Повторяю, перечисляю только минусы. На все это Вы совершенно справедливо можете мне ответить: "А что же Вы можете мне тут гарантировать?" Действительно, мы, друзья Ваши, можем только обещать всячески для вас стараться, делать все, что можем. Знаю, что это немного.
Я прекрасно понимаю, как Вам тяжело. Мои чувства к Вам не могут измениться и не изменятся, как бы Вы ни поступили. Извините, что пишу Вам обо всем этом. Никакого совета в таком вопросе я Вам дать не могу и не даю. Мне казалось только при чтении Вашего письма, что Вы хотите знать мое мнение".
Алданов страстно доказывал: возвращение Нобелевского лауреата нужно сталинскому руководству только как пропагандистский козырь. Через два года Бунин вспоминал, что отказался от своего плана отчасти по следующей причине: "Как! и М. А. я тогда больше не увижу и даже письма никогда от него не получу и сам ему никогда не напишу!" Он принял совет Алданова, верил ему как никому другому.

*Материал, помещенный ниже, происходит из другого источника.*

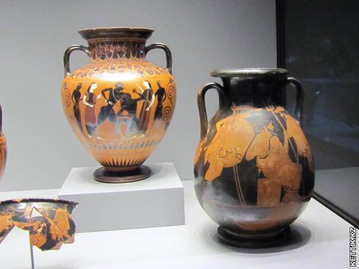 В "Греческом зале" больше всего витрин с посудой из керамики, но здесь еще и серебряные чаши для вина.

Уже после того, как Бунин умер, за несколько месяцев до собственной смерти Алданов начал печатать свой последний роман "Самоубийство". Это был первый в серьезной русской литературе роман о Ленине и ленинской эпохе (советская "лениниана" не в счет). В самом начале читаем о герое: "Он был всю жизнь окружен ненаблюдательными, ничего не замечавшими людьми, и ни одного хорошего описания его наружности они не оставили: впрочем, чуть ли не самое плохое из всех оставил его друг Максим Горький. Только другой, очень талантливый писатель, всего один раз в жизни его видевший, но обладавший необыкновенно зорким взглядом и безошибочной зрительной памятью, весело рассказывал о нем: "Странно, наружность самая обыкновенная и прозаическая, а вот глаза поразительные, я просто засмотрелся: узкие, красно-золотые, зрачки точно проколотые иголочкой, синие искорки. Такие глаза я видел в зоологическом
Круг замыкается: в конце пути Алданов цитирует "Окаянные дни", книгу, которую Бунин писал как раз тогда, когда они познакомились.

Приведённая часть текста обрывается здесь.